All puppies are cute, but at some point in a young dog's life, it goes from "It's so cute I could squeeze it to death" to merely regular cute. But when? According to one recent study in the journal Anthrozoös, peak cuteness hits between 6 and 8 weeks old for many dogs, The Washington Post reports.

Finding out when puppies reach their peak attractiveness to humans may give us insights into how domestic dogs evolved. Researchers from the University of Florida asked 51 students at the school to look at 39 black-and-white images of dogs, who belonged to three different breeds and whose ages ranged from birth to 8 months. The viewers then rated them on a sliding scale of squishability.

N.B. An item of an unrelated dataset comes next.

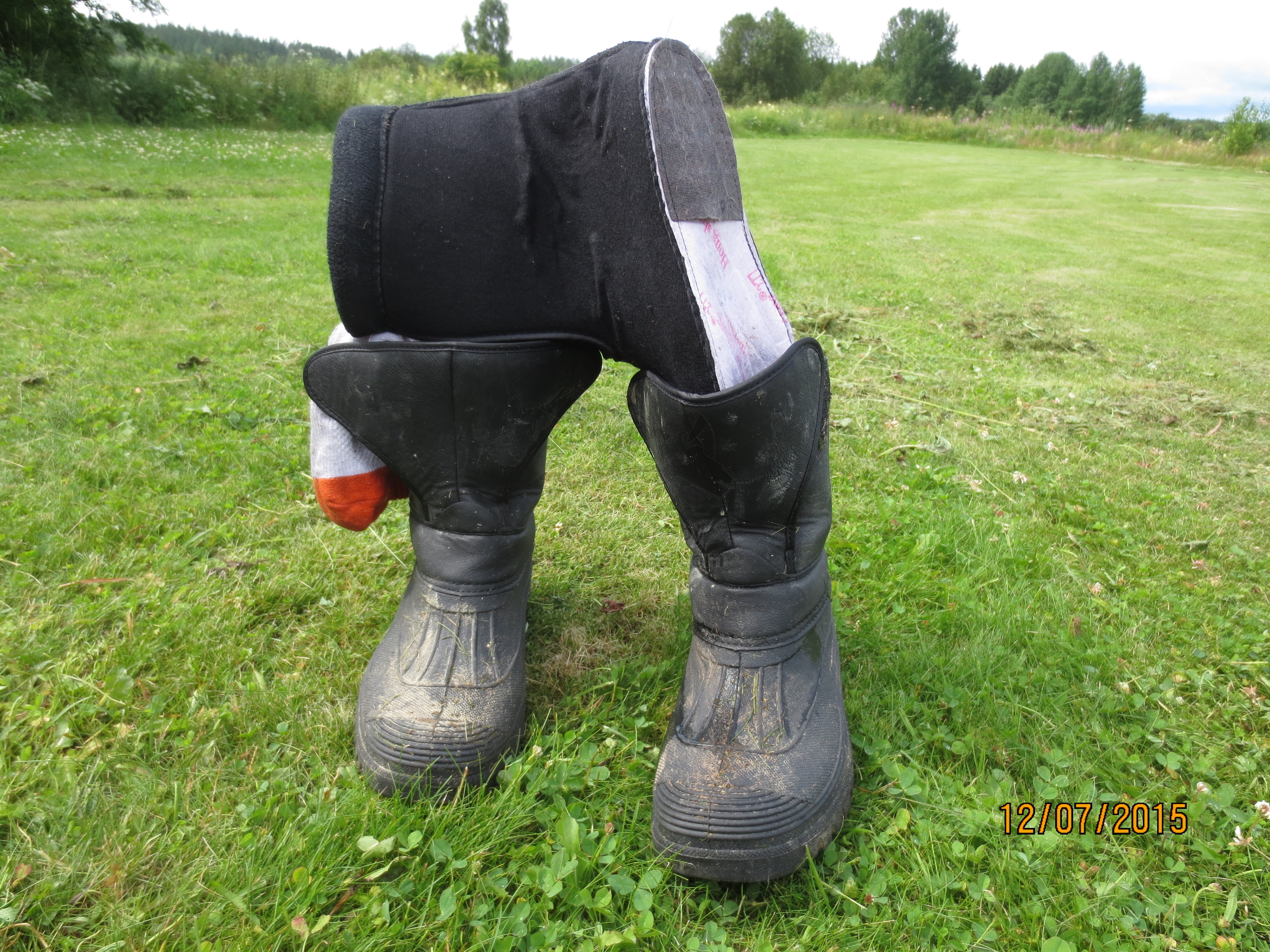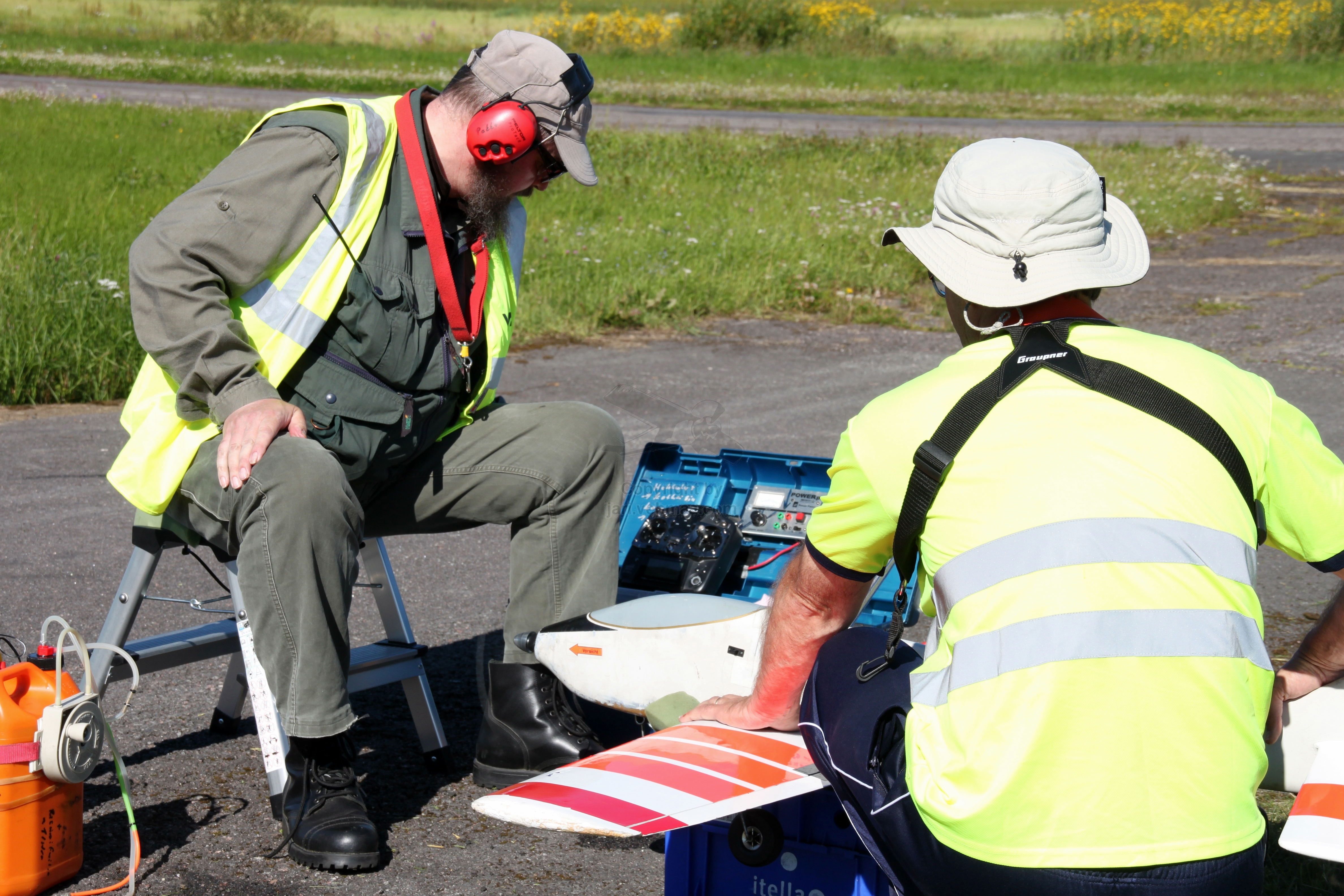 Seuraava nousuyritys jäi sitten yritykseksi koneen päätyessä vauhdilla käärmeilyn jälkeen nurmikolle. Tulppa taisi kastua, kun konetta sai mätkiä ihan olan takaa, että se olisi käynnistynyt. Tässä välissä pidettiin sitten pieni luova tauko ja jutusteltiin Riston Ja Robinin kanssa.

The results will sound familiar to dog lovers. Puppies aren't entirely adorable immediately after they're born—they can look a little rat-like—and the participants rated them accordingly. As dogs get older, as much as we might love them, their squee-worthy cuteness declines, as the attractiveness scores reflected. The sweet spot, it turns out, is right around when puppies are being weaned, or between 6 and 8 weeks old.

The participants tended to rate dogs as most attractive when the pups were within the first 10 weeks of their lives. According to the results, Cane Corsos were at their cutest around 6.3 weeks old, Jack Russell terriers at 7.7 weeks old, and white shepherds at 8.3 weeks.

The study only used still photos of a few breeds, and it's possible that with a more diverse sample, the time of peak cuteness might vary a bit. Certain puppies might be cuter at an older age, and certain puppies might be cuter when they're even younger. But weaning age happens to coincide with the time when puppies are no longer getting as much support from their mothers, and are thus at a high risk of mortality. By evolving to attract human support at a time when they're most vulnerable, puppies might have boosted their chance at survival until they were old enough to completely take care of themselves.

[h/t The Washington Post]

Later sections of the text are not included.